What you have to do: Of the entries below, return only those lines from the line with "Maj. Gen. David" to the line with "If you’d rather", exactly, both included.

Supplied entries:
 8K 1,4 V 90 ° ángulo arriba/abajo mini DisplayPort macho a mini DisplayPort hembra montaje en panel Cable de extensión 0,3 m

--

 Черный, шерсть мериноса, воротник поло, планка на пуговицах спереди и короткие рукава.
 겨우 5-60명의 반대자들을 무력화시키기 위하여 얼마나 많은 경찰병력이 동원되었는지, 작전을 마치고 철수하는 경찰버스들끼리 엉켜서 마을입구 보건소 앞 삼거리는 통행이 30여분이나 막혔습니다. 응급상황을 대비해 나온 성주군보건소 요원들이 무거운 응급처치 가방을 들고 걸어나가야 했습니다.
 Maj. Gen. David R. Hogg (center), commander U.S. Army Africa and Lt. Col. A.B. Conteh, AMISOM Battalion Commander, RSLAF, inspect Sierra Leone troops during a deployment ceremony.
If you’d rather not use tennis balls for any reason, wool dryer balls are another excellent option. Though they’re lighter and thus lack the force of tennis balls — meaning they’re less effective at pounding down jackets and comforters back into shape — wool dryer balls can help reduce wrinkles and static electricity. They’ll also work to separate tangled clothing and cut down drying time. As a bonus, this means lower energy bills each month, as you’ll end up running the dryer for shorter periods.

==

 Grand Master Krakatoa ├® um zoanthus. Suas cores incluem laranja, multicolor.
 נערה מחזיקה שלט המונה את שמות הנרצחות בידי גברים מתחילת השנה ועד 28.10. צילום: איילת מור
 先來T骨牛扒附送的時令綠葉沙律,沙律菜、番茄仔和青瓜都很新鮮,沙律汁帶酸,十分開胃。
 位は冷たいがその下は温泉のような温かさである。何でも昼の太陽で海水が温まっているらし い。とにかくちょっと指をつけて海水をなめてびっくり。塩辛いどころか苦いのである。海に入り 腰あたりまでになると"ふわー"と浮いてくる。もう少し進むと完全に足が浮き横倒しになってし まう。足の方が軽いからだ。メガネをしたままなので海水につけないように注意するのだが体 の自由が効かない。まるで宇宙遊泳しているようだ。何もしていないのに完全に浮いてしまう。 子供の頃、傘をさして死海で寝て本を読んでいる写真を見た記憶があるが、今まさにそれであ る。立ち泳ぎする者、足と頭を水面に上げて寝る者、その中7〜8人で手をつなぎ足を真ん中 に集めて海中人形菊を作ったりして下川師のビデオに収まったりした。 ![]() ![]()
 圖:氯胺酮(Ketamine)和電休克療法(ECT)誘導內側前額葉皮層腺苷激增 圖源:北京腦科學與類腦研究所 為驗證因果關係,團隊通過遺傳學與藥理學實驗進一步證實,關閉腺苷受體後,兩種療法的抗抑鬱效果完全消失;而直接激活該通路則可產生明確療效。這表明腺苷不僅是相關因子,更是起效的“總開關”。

Written response:
 Maj. Gen. David R. Hogg (center), commander U.S. Army Africa and Lt. Col. A.B. Conteh, AMISOM Battalion Commander, RSLAF, inspect Sierra Leone troops during a deployment ceremony.
If you’d rather not use tennis balls for any reason, wool dryer balls are another excellent option. Though they’re lighter and thus lack the force of tennis balls — meaning they’re less effective at pounding down jackets and comforters back into shape — wool dryer balls can help reduce wrinkles and static electricity. They’ll also work to separate tangled clothing and cut down drying time. As a bonus, this means lower energy bills each month, as you’ll end up running the dryer for shorter periods.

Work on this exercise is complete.